Concerning k-issue ILP processors, where each instruction is composed of k parallel operations, we have that, considering x operations in the ISA, and y inter-instruction effects, the complexity of the instruction-level energy model is  $O(x^{k*(y+1)})$ . In [3], we introduced the temporal and spatial additive properties, to deal with such a complexity. The temporal additive property enables the decomposition of the instruction energy into the pipeline stages of the processor. The spatial additive property enables the decomposition of the energy dissipated by the processor in the single energy dissipated by the processor parallel paths followed by the operations.

More in detail, the model considers the energy associated with the n-th instruction  $\mathbf{w_n}$  as dependent on its own properties (e.g., class of the instruction, addressing mode and so on) as well as on its  $execution\ context$ , i.e., the previous instruction  $\mathbf{w_{n-1}}$  and the additional stall/latency cycles introduced during the execution of the instruction. Besides, the inter-instruction effect between  $\mathbf{w_n}$  and  $\mathbf{w_{n-1}}$  can be decomposed into the sum of the inter-operation effects  $(w_n^k|w_{n-1}^k)$  on the k-th parallel path (or lane) of the processor [3]:

$$E(\mathcal{W}) \approx \sum_{1 \le n \le N} \sum_{\forall s \in S} \left[ U_s(\mathbf{0}|\mathbf{0}) + \sum_{\forall k \in K} \nu_s(w_n^k|w_{n-1}^k) + m_s^n * p_s^n * S_s + l_s^n * q_s^n * M_s \right]$$
(1)

where the term S is the set of pipeline stages of the processor,  $U_s(\mathbf{0}|\mathbf{0})$  is the base energy cost that represents the energy consumed by stage s during an execution of a bundle constituted entirely by NOPs  $(\mathbf{0} = [\mathtt{NOP} \dots \mathtt{NOP}]^\mathtt{T})$ ,  $\nu_s(w_n^k|w_{n-1}^k)$  is the additional energy contribution due to the change of operation  $(w_{n-1}^k \to w_n^k)$  on the same lane k,  $m_s^n$   $(l_s^n)$  is the average number of additional cycles due to a data (instruction) cache miss during the execution of the  $\mathbf{w_n}$  in s,  $p_s^n$   $(q_s^n)$  is the probability that this event occurs, and  $S_s$   $(M_s)$  is the energy consumption per stage of the processor modules that are active due to a data (instruction) cache miss.

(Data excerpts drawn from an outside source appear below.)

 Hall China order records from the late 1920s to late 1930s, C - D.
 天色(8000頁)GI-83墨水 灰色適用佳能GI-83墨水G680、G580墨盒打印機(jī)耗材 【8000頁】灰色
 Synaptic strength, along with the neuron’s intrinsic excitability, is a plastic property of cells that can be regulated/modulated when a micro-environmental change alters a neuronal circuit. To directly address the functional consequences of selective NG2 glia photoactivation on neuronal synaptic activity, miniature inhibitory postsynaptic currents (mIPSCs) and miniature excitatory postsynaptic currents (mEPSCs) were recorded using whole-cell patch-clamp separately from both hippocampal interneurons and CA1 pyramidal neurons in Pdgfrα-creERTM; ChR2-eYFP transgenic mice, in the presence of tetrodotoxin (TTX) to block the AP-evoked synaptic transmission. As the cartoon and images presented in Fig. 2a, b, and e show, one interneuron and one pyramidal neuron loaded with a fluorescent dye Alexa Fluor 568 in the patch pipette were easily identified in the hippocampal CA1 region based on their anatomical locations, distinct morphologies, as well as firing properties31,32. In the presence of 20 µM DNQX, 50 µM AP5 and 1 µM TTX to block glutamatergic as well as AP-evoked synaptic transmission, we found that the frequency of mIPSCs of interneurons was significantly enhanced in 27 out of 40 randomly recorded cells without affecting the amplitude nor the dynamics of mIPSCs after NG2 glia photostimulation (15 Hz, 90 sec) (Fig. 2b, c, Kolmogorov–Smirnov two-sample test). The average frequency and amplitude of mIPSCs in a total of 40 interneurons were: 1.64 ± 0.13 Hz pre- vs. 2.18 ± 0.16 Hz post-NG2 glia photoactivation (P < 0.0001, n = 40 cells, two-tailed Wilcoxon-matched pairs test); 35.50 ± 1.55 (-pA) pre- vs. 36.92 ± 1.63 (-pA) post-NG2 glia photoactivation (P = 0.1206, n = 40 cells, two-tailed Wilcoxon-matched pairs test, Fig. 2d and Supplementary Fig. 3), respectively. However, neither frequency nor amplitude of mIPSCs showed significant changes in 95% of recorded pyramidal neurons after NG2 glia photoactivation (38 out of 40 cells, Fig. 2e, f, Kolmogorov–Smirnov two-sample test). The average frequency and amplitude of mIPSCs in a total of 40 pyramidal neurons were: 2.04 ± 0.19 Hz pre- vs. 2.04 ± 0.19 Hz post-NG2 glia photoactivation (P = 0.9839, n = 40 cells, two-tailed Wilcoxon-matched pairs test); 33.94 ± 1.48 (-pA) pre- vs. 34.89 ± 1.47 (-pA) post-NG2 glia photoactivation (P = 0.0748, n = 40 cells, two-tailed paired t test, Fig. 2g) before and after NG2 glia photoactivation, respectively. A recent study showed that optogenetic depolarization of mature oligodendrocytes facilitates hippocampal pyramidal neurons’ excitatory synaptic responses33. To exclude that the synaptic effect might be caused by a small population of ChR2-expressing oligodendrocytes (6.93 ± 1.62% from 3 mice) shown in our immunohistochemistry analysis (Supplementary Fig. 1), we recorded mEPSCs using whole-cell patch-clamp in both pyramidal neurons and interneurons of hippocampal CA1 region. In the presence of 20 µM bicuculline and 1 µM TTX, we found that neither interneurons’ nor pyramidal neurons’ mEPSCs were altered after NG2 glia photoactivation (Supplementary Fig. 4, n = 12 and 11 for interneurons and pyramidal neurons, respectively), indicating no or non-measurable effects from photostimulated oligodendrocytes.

The term  $\sum_s U_s(\mathbf{0}|\mathbf{0})$  corresponds to the power consumption of the core during NOPs and and we assume it can be substituted by the average base cost  $U(\mathbf{0}|\mathbf{0})$  (as confirmed by the experimental results where this approach has been applied). Besides,  $\sum_s \sum_k \nu_s(w_n^k|w_{n-1}^k)$  can be substituted by a cost dependent only on the pair of instructions  $(\sum_k \nu(w_n^k|w_{n-1}^k))$  that corresponds to the energy consumption of the core while it is executing the same pair of instructions  $(\mathbf{w_n}, \mathbf{w_{n-1}})$ . For instruction and data cache misses, we assume that the probabilities per stage (p and q) and their penalties (m and l) can be averaged for each instruction of the stream:

$$\sum_{s} (m_{s}^{n} * p_{s}^{n} * S_{s} + l_{s}^{n} * q_{s}^{n} * M_{s}) \to (m * p * S + l * q * M)$$
(2)

where m(l) is the average data (instruction) cache miss length, p(q) is the average probability per stage and per instruction that a data (instruction) cache miss can affect one instruction and S (M) is the average energy consumption of

the entire processor during these events.

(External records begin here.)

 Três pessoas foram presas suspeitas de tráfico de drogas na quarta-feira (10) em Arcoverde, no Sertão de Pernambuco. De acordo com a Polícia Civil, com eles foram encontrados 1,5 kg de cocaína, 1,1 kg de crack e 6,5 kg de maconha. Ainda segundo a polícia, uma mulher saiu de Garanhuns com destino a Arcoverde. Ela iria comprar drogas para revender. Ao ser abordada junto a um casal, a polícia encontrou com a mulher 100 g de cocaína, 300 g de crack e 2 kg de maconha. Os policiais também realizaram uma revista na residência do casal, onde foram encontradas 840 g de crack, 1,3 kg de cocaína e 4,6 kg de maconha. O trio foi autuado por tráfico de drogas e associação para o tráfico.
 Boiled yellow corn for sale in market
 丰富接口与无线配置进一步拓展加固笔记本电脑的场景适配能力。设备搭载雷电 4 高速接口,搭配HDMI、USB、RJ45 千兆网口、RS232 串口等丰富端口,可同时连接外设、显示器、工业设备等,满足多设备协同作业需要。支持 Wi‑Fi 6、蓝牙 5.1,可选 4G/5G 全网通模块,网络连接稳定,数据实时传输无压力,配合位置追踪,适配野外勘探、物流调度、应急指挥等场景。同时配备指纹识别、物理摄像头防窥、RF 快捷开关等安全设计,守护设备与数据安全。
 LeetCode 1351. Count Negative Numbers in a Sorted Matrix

Based on these assumptions, the equation (1) can be reduced to:

$$E(\mathcal{W}) \approx \sum_{1 \le n \le N} \left[ U(\mathbf{0}|\mathbf{0}) + \sum_{\forall k \in K} \nu(w_n^k | w_{n-1}^k) + m * p * S + l * q * M \right]$$
(3)

For a k-issue VLIW core, the complexity of the model is now quadratic with respect to the number of operations into the instruction set  $(O(k*|ISA|^2))$ , while a black-box model would have a complexity  $O(|ISA|^k)$ . This implies a significant reduction of the characterization effort, since the number of experiments to be done is reduced exponentially.

In the next section, we show how this model can be further simplified by clustering the operations of the ISA with respect to their average energy consumption to achieve a faster and more effective characterization of the core's power consumption, while preserving the model accuracy.

#### 4. CLUSTERING OF THE OPERATIONS

In this work, we consider two operations in the ISA as "different" if they differ either in terms of functionality (i.e., opcode) or in terms of addressing mode (immediate, register, indirect, etc.). Even without considering data differences (in terms of register names or immediate values), the number of operations pairs to be considered in equation (3) would be too large to be characterized with a transistor-level or even gate-level simulation engine. In the case of the Lx processor, for example, the ISA is composed of about 70 operations, but considering also the possible addressing modes for each operation, we would need to characterize 6126 pairs of operations to completely define our model (see the characterization of the matrix  $\nu$  in equation (3)).

To give a rough idea of the time required for the characterization phase, a Sun Ultra Sparc 60 workstation at 450MHz with 1GB RAM performs a gate-level power simulation of the Lx core in 25 minutes. Given such simulation time, we would need approximately 108 days to perform the complete characterization phase on a single workstation.

To reduce the number of experiments to be generated during the characterization phase, we propose to apply the well known cluster analysis on the operations of the ISA. The basic idea of the cluster analysis consists of grouping into the same cluster the operations showing a power cost close to each other. The power cost of an operation is defined as the power consumed by the processor when it executes that operation.

Among the various clustering algorithms appeared in literature so far (see [15,16] for a survey), we have chosen the k-mean clustering algorithm since it requires a lower computational cost.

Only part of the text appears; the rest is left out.